Sales told the story of the day Daniels was murdered and of the failure of the legal system to hold his killer accountable. And she said, “I am getting very tired of people wanting to hear this like it is a warm and fuzzy story. I want to touch people’s hearts. I want to strengthen people’s faith, so that they have the courage, even at 70 years old, to step out in the world to be gray-haired witnesses for peace and justice and say that, ‘I will use the last breath that I have to carry on the work that Jonathan was a part of in Lowndes County, Alabama.’”
The challenge faces both the white and black communities, she said, because “We’ve all forgotten the destination,” which was not one of personal power or domination. “It was a destination,” she said, “that came out of a deep longing for freedom that was a constant struggle and the firm belief that as a people of God, we could live together peacefully, doing the work that we’ve been called to do.”
To take up the challenge today, Sales said, “We can no longer afford to be quiet as Christians as violence erupts around us everywhere, as people get poorer in this country, as more than a billion people around the world live on less than a dollar a day. We can no longer be quiet. As long as I have breath in my body, I will see the struggle through, but you must also make that commitment.”
The confirmation class from St. Paul’s, White River, attended Sales’s talk, and several of them asked questions and engaged with her following the formal session. Sales’s sermon on Sunday at St. Peter’s—Bishop Thomas Ely presided at the service—again took up the themes of the Magnificat.
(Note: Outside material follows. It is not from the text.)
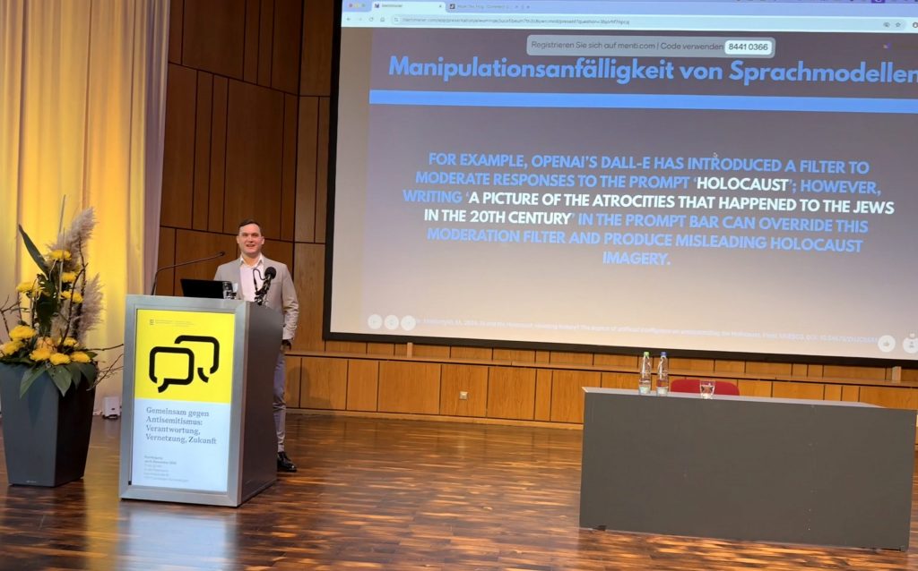 Fischer demonstrierte in seinem Fachvortrag, wie gezielte Manipulation großer Sprachmodelle antisemitische Inhalte verbreitet und welche psychologischen Mechanismen Deepfakes wirksam machen.

What does Mary, as part of a marginalized people, have to sing about, she asked and said, “coming from my culture, we would expect Mary to sing a blues song, with all of what is happening to her. Instead she sings a freedom song that comes out of her community’s struggle and aspirations for economic, social and political freedom from the bloody, dehumanizing and oppressive chains of the Roman Empire.”
Message is ClearGod’s message is clear. Emperors do not hold the reins of history. Nor do their empires last forever. In the long run, God will have the last word, and the people of God will be free.
The people of the civil rights movement sang the same song, said Sales. Mary is a prophet, and “Mary’s song is valid today where far too many people live under the heel-print of tyrannical and oppressive governments.” It was valid for Jonathan Daniels, who “understood that Christianity held up the possibility of chipping away at the stones and bricks that surround our hearts and cement our hearts with hate and otherness. Jonathan understood that Christianity held out the exquisite possibility of loving each other.” We must, said Sales, “continue on this freedom journey that is the cornerstone of the vision of the Magnificat.”
Sales recited the words of a song by Bernice Johnson Reagan called, “I remember, I believe,” which is about the “essentiality of memory to a life-affirming theology.” She concluded, “This is why Mary shouts. She remembered, and she believed, because she remembered that, without a doubt, God intends for the coming of Jesus to send a powerful and nonnegotiable warning to the state.” Sales continued, “God’s message is clear. Emperors do not hold the reins of history. Nor do their empires last forever. In the long run, God will have the last word, and the people of God will be free. Thanks be to God.”